- Poster presentation
- Open Access
Adaptive cluster algorithm to infer Boltzmann machines from multi-electrode recording data
BMC Neuroscience volume 12, Article number: P224 (2011)
Multi-electrode recordings allow the recording of the activity of a neural population of tens to hundred cells over periods of hours. Two examples are given by the recording of the activity of ganglion cells in the retina [1–3, 6] , and the recording of the activity of the prefrontal cortex in behaving rats [4, 5]. Two important issues in neuroscience are 1) to find a predictive model able to reproduce the statistical features of the recorded activity, as the spiking frequencies of the cells, the two-cell correlations and the occurrence of multi-cell patterns; 2) to infer from the recorded activity some functional couplings between cells, which could give an insight about neural circuits. Schneidman et al.  and Shlens et al.  have first used the Ising model to analyze retina recordings, as a Boltzmann machine (BM) able to reproduce both the average activity of the cells and the pairwise correlations between cells in an equal time window of size Dt. However efficient algorithms to infer the Ising couplings for a large population of cells remain to be found. In addition, an important question is how to deal with time (finite recording time) and space (small area recorded) undersampling.

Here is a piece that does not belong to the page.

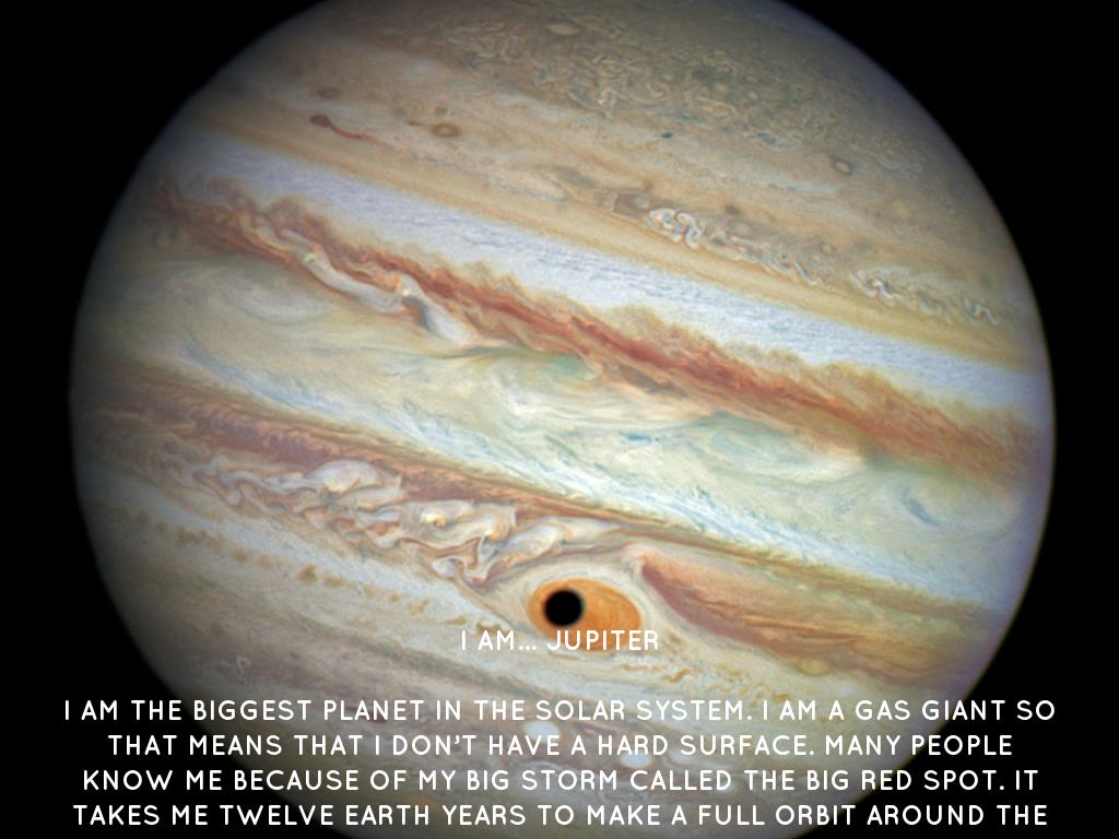 I AM THE BIGGEST PLANET IN THE SOLAR SYSTEM. I AM A GAS GIANT SO THAT MEANS THAT I DON’T HAVE A HARD SURFACE. MANY PEOPLE KNOW ME BECAUSE OF MY BIG STORM CALLED THE BIG RED SPOT. IT TAKES ME TWELVE EARTH YEARS TO MAKE A FULL ORBIT AROUND THE SUN, BUT ONE DAY HERE IS ONLY TEN EARTH HOURS. HERE THE TEMPERATURE IS VERY DIFFERENT THAN MOST OTHER PLANETS. IT CAN GET -250 AND 43,000 DEGREES FARENHITE.

In the present work we propose a new and efficient algorithm to infer fields and pairwise couplings of an Ising model from the data. Our procedure considerably improves over the algorithm presented in  and is based on an adaptive cluster expansion of the cross entropy between the Ising model and the data. The interaction network is progressively unveiled, through a recursive processing of larger and larger subsets of variables, which we call clusters. To each cluster is associated an entropy contribution which assesses how much the cluster is relevant to infer the BM. Clusters such that the entropy contribution is smaller than a fixed threshold are discarded; the other clusters are kept and recursively used to generate larger clusters. The threshold must be large enough to avoid overfitting of the data corrupted by the sampling noise and small enough in order not to miss important components of the interaction network. Contrary to previous cluster expansions , the number, size, and composition of the clusters automatically adapt to the data, and, rather than the sole size of the cells population determine the running time of the algorithm. We provide a pseudo-code for the practical implementation of our algorithm and intend to release soon an open-access code.

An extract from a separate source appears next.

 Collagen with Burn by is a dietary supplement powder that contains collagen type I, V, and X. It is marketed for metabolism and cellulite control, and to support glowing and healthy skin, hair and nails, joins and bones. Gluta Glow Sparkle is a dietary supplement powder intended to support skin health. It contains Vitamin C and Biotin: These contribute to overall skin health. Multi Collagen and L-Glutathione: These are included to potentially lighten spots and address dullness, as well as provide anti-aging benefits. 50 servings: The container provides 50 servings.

Our procedure has been validated on synthetic data sets, and used to re-analyze multi-electrode recordings of neural cells of the activity of salamander ganglion cells previously published in [2, 6] and of the activity in a region of the prefrontal cortex of a behaving rat previously published in [4, 5] . The algorithm can efficiently deal with population size that varied on the data sets from 32 cells to 120 cells. To illustrate the potential applications we have tested the dependence of couplings upon stimulus on two data sets registered by Schnitzer and Meister  from the same retina in dark condition (spontaneous activity) and with a random flickering checkerboard. We have compared for each pair of cells i,j, the values of the interactions Jij inferred from Dark and Flicker. We have found that most of the couplings are conserved under the two stimuli but some pairs of neurons with large interactions in Flicker have weak couplings in Dark. We have used the inferred couplings to draw retinal maps in the receptive fields plane of the cells. For Dark, the largest coupling map define a planar graph with short range (almost nearest neighbor) connections. For flicker the strong non conserved couplings pointed out in the previous paragraph often are long-range interactions.
We will discuss some important aspects of the Ising model such as: How do couplings change with the removal of cells from the recording? What temporal correlations are neglected in the Ising model (dependence on the bin size Dt)? How do couplings inferred with a dynamical model (Integrate and Fire) compare with Ising couplings (see Abstract by Carlo Barbieri, Simona Cocco, Remi Monasson submitted to the present conference)?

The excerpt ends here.